Beneficial Intelligence

Irrational Optimism

Sten Vesterli Season 2 Episode 13

In this episode of Beneficial Intelligence, I discuss irrational optimism. IT people are too optimistic. It is a natural consequence of our ability to build something from nothing. Our creations are not subject to gravity or other laws of physics. A builder cannot decide halfway through a construction project that he wants to swap out the foundation, but IT regularly changes the framework in mid-project. 

Similar optimism informs our project plans. For some reason, we assume that everything will go the way we plan it. Fred Brooks first wrote about programmer optimism in his classic "The Mythical Man-Month" back in 1975. He points out that there is indeed a certain probability that each task will be completed on schedule. But because modern IT projects consist of hundreds of tasks, the probability of every one going right is low. Even with an unrealistic 99% chance of success, having only 100 tasks reduces the overall probability of all tasks to finish on schedule to 37%. 

Sadly, our irrational optimism also extends to the business cases we present to management for our projects.  I am regularly presented with drafts of investor presentations that hopeful startups want to pitch. The optimism is palpable, but there is never any realistic consideration of all the things that can go wrong. 
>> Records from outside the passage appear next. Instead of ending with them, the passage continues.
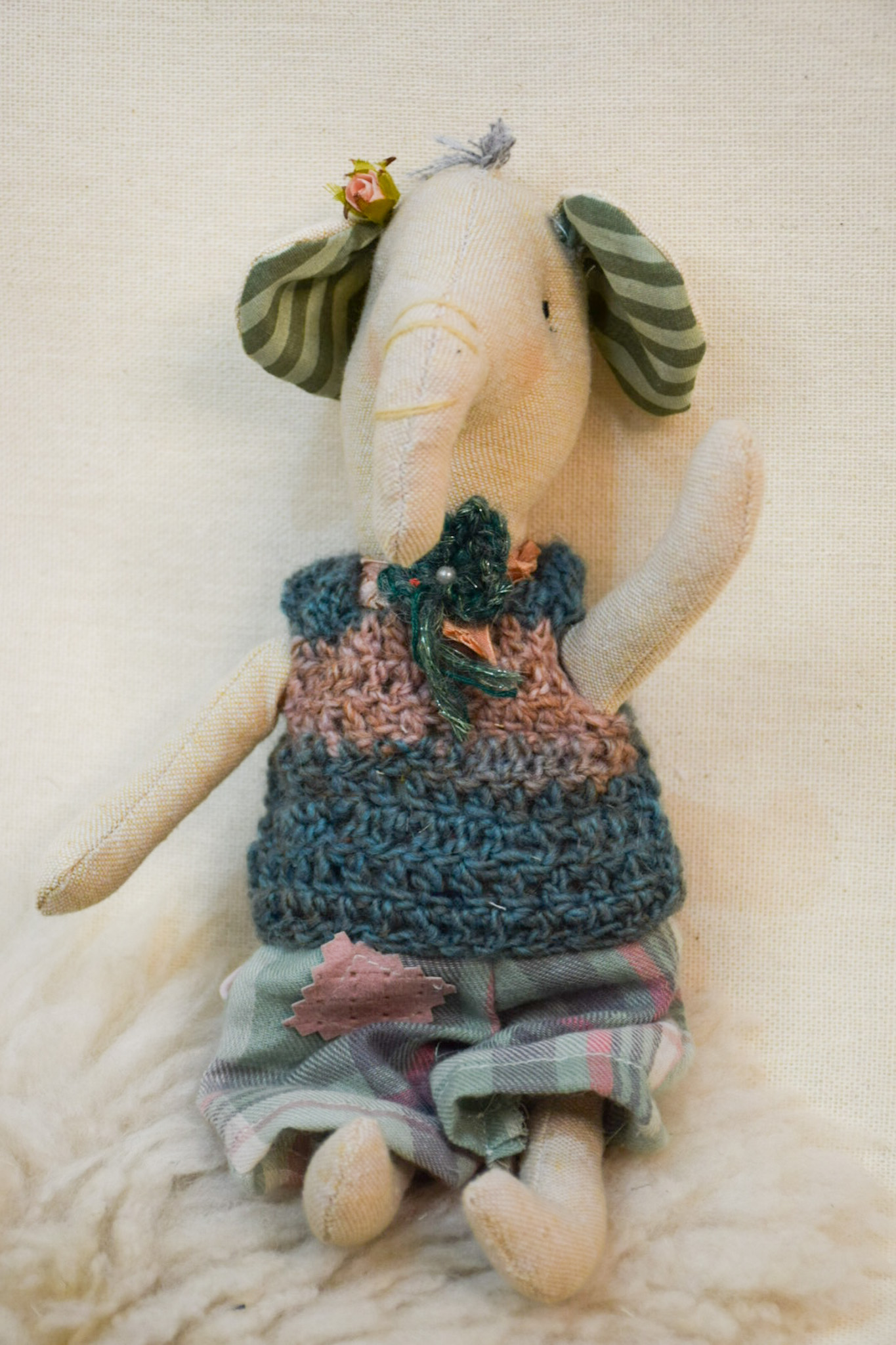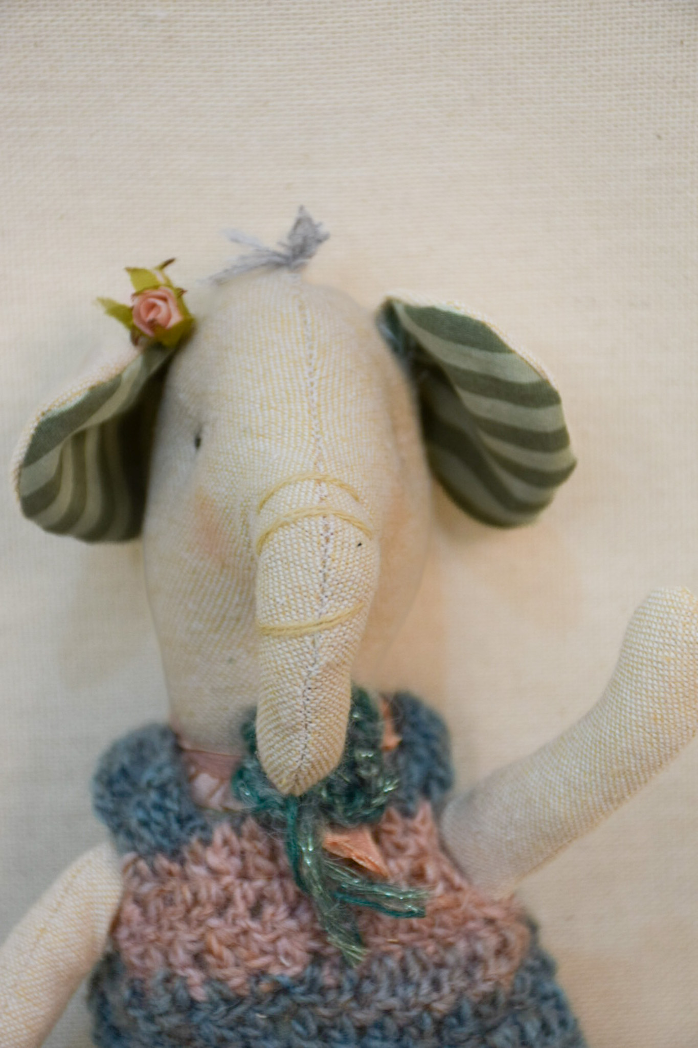 Titona , elefanta,de apego, tela,historia, valores,timidez, mide 32 cms.
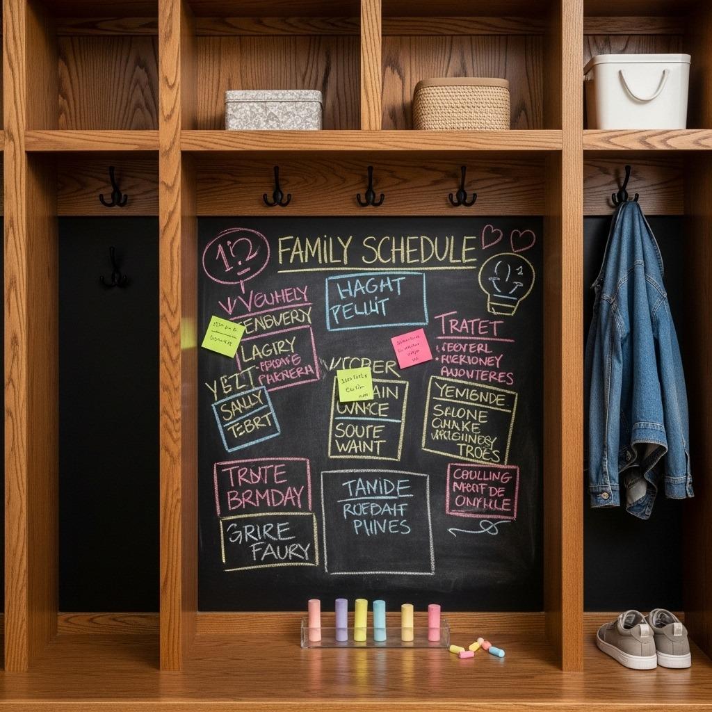 A chalkboard wall transforms your mudroom into a family communication center. Write reminders, weekly schedules, motivational messages, or let kids doodle while waiting to head out the door.
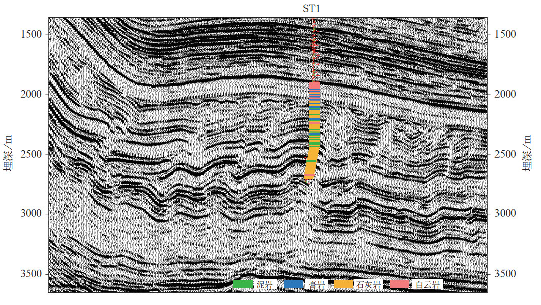 图 2 四川盆地双鱼石构造inline2520线叠前时间偏移剖面与岩性剖面归位图 Fig. 2 Pre-stack time migration profile of seismic inline2520 and lithological section in Shuangyushi structure, Sichuan Basin |
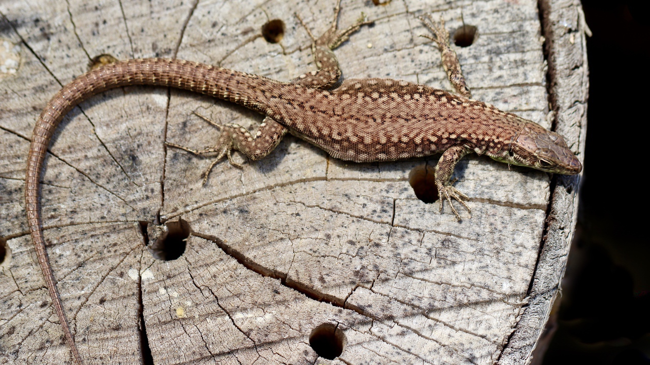 Красивая ящерица на старом пне Обои для рабочего стола 1280x720
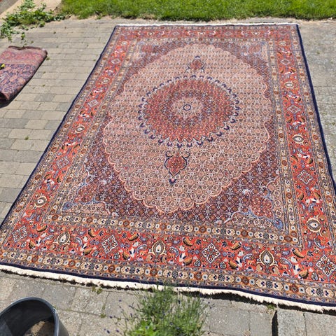 Ægte Persisk håndknyttet Moud tæppe, 194 × 296, uld på bomuld, nyrenset og som nyt. Flotte jordfarver med blå, rød, orange, lyserød og grøn farver, dejlig blød uld
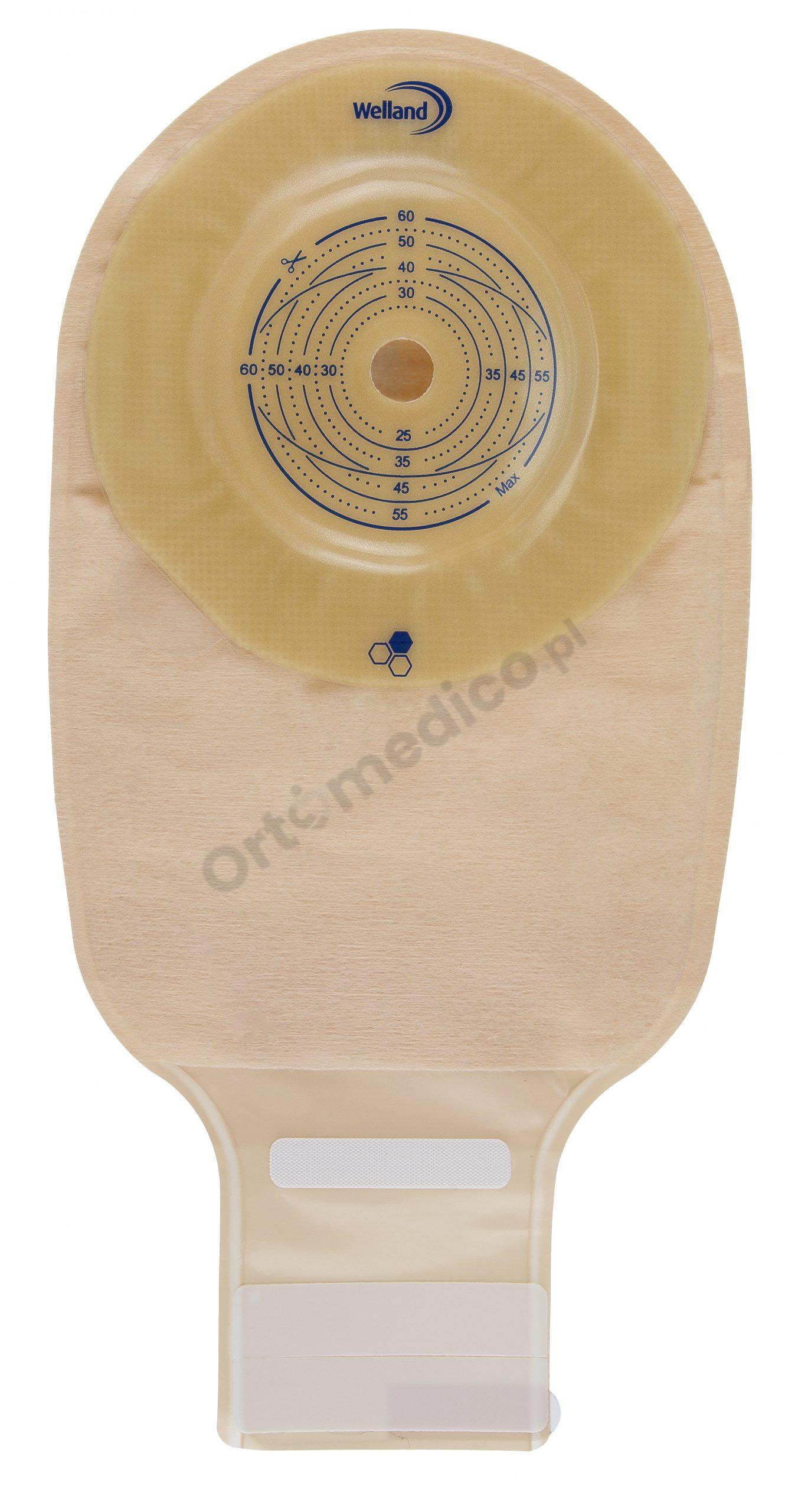 - Hydrokoloidy Hyperflex®: Baza przylepna worka, wykonana z przyjaznych dla skóry hydrokoloidów Welland Hyperflex®, zapewnia mocne i bezpieczne przyleganie do skóry wokół stomii.
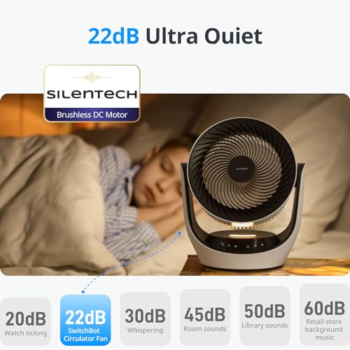 Specification: SwitchBot Smart Air Circulator Fan, Portable Battery Circulation Fan for Indoor/Outdoor Use, 22db Ultra Quiet, 9 Speeds Strong Airflow, 9H Timer, Compatible with Alexa When Paired Hub
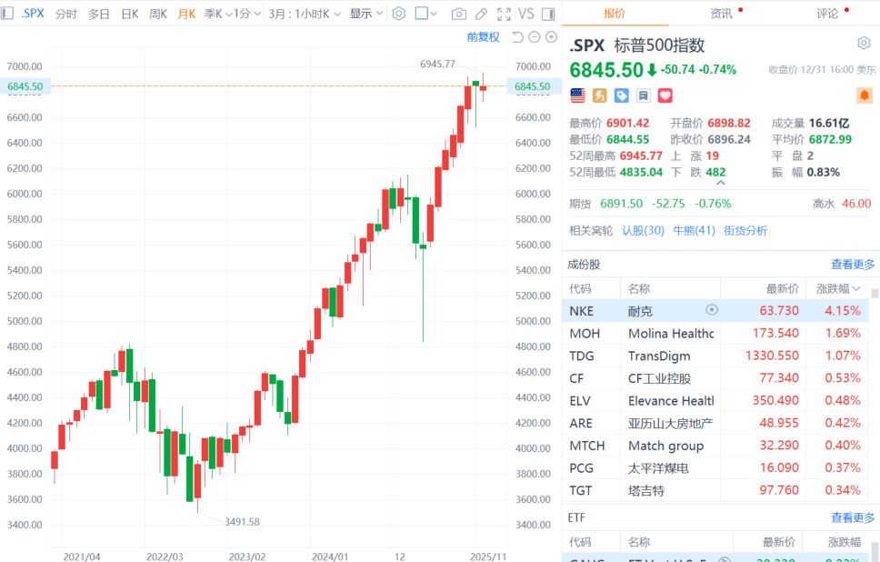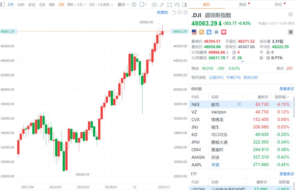 美股三大指数小幅收跌,连续三年录得超两位数涨幅。纳指跌0.76%,12月累跌0.53%,2025年累涨20.36%;标普500指数跌0.74%,12月累跌0.05%,终结月线七连涨,2025年累涨16.39%;道指跌0.63%,12月累涨0.73%,录得月线八连涨,2025年累涨12.98%。
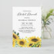 Famille Invitation et amis à votre événement avec cette invitation de brunch à la nuptiale fleurie. Il présente des illustrations d'aquarelle de tournesols et de feuilles d'eucalyptus. Cette invitation aux tournesols est parfaite pour les douches nuptiales d'été et d'automne. Personnalisez en ajoutant les noms, la date, l'heure, le lieu et d'autres détails de l'événement. Vous pouvez également changer l'arrière - plan d'aquarelle jaune en une photo ou toute autre image.
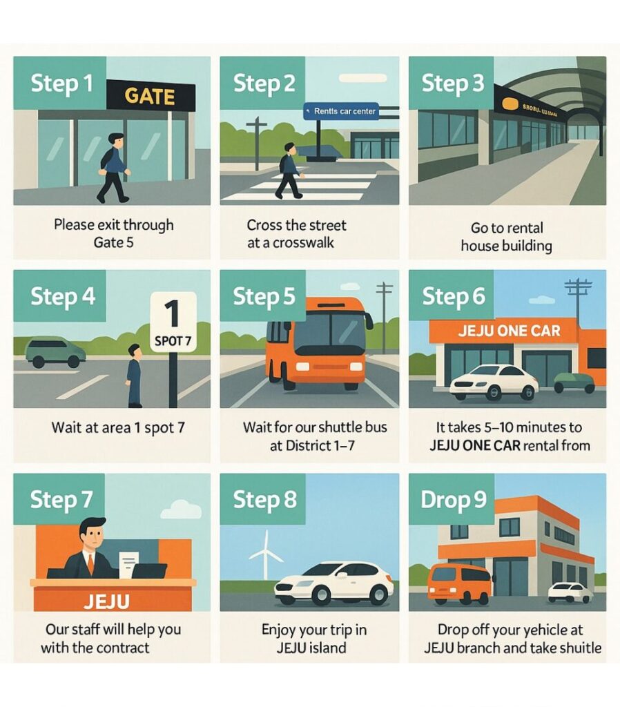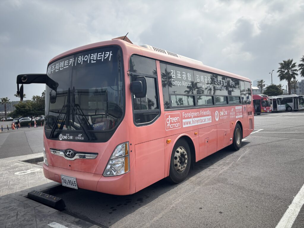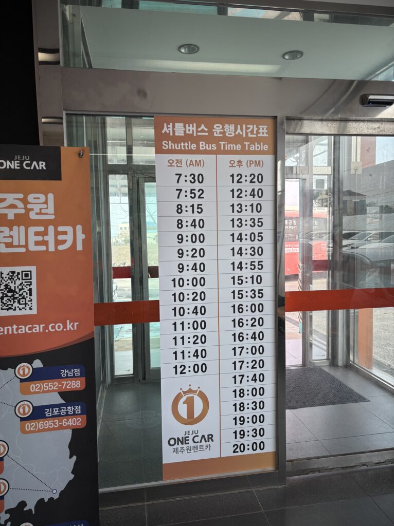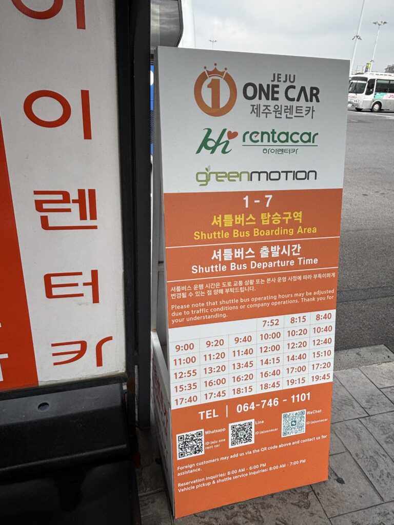 今回借りたJeju One Rent Carは、空港から無料シャトルバスでオフィスへ行きます。他のレンタカーも同様です。レンタカー会社からのインストラクションがわかりやすかったです。
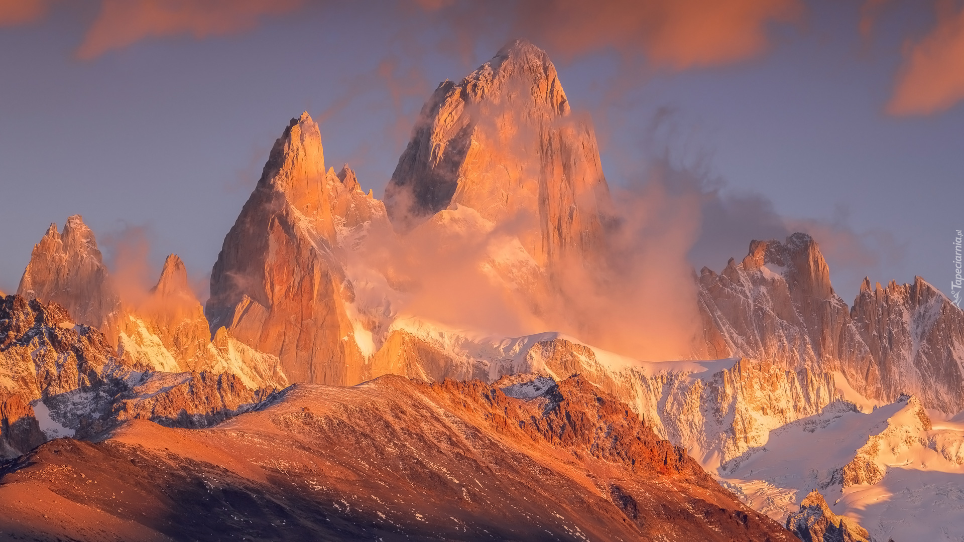 Edytor tapety: Mgła wokół rozświetlonego szczytu Fitz Roy
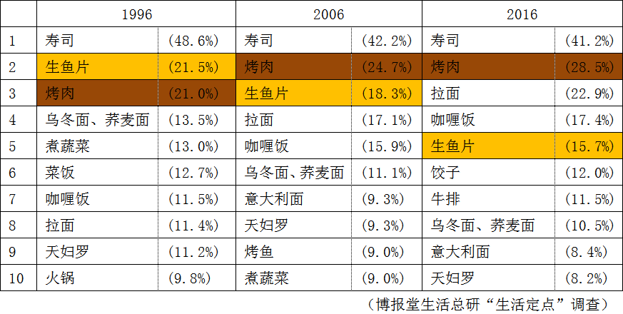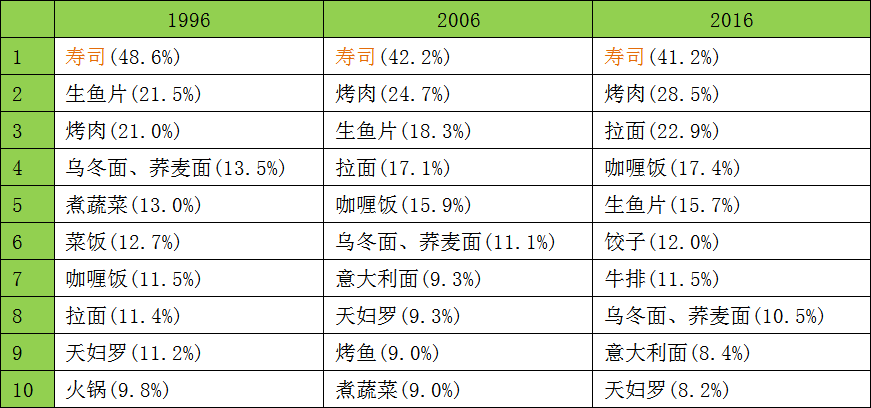 看看“喜欢的菜式前三名”,会发现从1996年起的20年来,“寿司”一直保持在第一名!不过说是寿司,其实还是分很多种的,比如柜台寿司、回转寿司、外带寿司等,有很多不同种类……。不管怎么样,有日本餐感觉的寿司是第一名。但是,也能做寿司材料的“生鱼片”却排名第2、第3、第5,不断地往下降,这就让我纳闷了……。
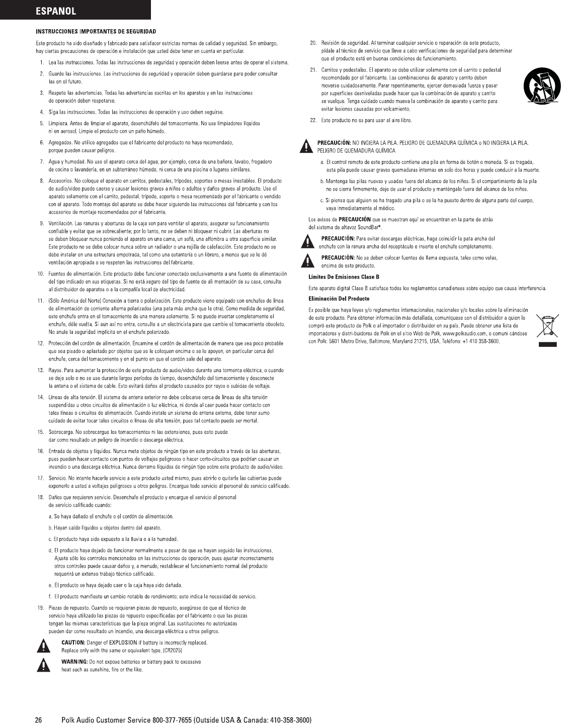 ou contactez le Service à la Clientèle de Polk au 800-377-7655 aux États-Unis et au Canada
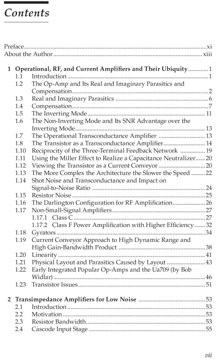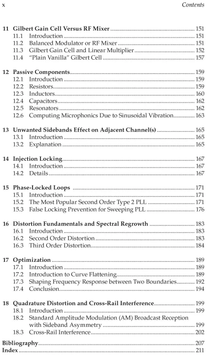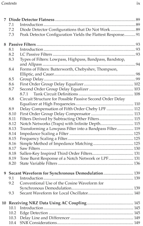 This is a book about real-world design techniques for analog circuits: amplifiers, filters, injection-locked oscillators, phase-locked loops, transimpedance amplifiers, group delay correction circuits, notch filters, and spectrum regrowth in digital radio frequency (RF) transmitters, etc.
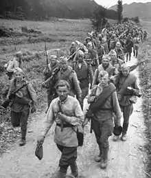 After the military was organized and facilities to educate its new recruits were constructed, the Constabulary Discipline Corps was reorganized into the Korean People's Army General Headquarters. The previously semi-official units became military regulars with distribution of Soviet uniforms, badges, and weapons that followed the inception of the headquarters.[1]
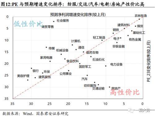 预期变动与估值定价:纺服/交运/汽车/电新具备性价比。从各行业预期净利润增速变动与PE估值变动来看,多数行业过去一个月预期净利润增速上调,但估值仍有回落,其中纺服/交运/汽车偏离度最明显。从预期变化与PE估值变化排序分布来看,纺服/交运/汽车/电新/房地产性价比较高,社服/零售性价比偏低。
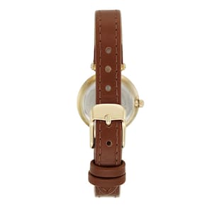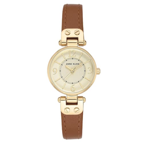 Relógio feminino Anne Klein 109442CHHY em tom de champanhe dourado e pulseira de couro marrom - Caixa dourada de 1 polegada de largura com lente de cristal mineral - Mostrador em champanhe com ponteiros dourados e faixa de minutos interna impressa em preto - Pulseira cônica de couro marrom com fecho de fivela - Circunferência interna da faixa: 7,5 polegadas - Movimento de quartzo japonês com display analógico - Resistente à água até 30 metros (99 pés): em geral, com resiste a respingos ou breve imersão na água, mas não é adequado para nadar ou tomar banho
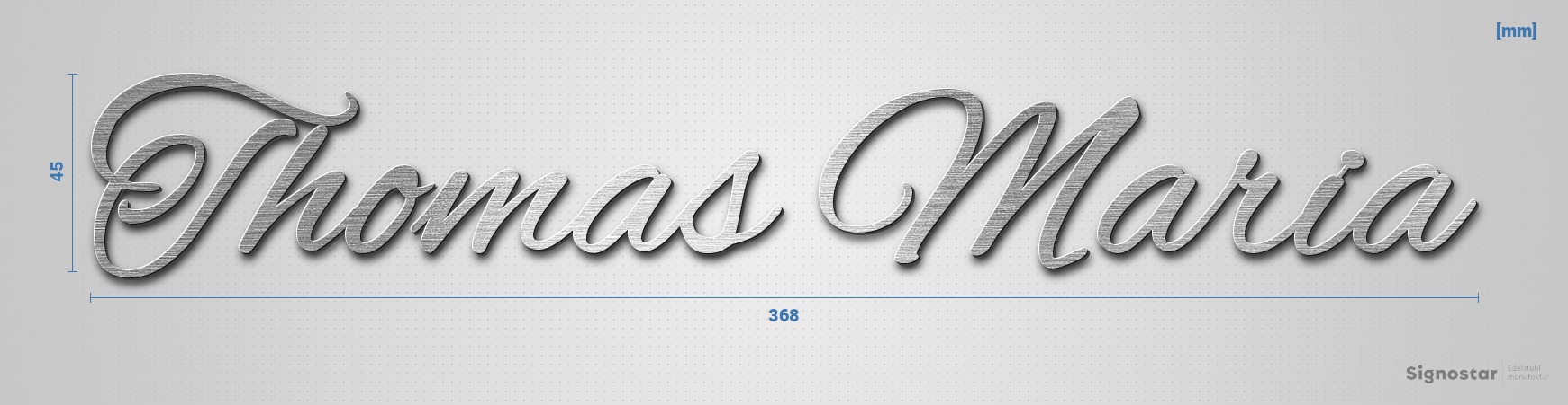Schriftzug "Thomas Maria" in Schriftart "Jessari", Edelstahl V2A gebürstet - hochwertig & wetterbest

As a CIO or CTO, you need to make sure you have some pessimists on your team. Not the kind of pessimists you find in Legal and Compliance, who are fighting tooth and nail to ensure no new project ever gets off the ground. But a kind of pragmatic pessimist who can look at your projects and business plans and tell you what might go wrong. These people are rather rare in IT organization, which is why this is one of the things I'm helping my customers with. Unless you add a counterweight to your IT organization, your projects will continue to fail due to irrational optimism.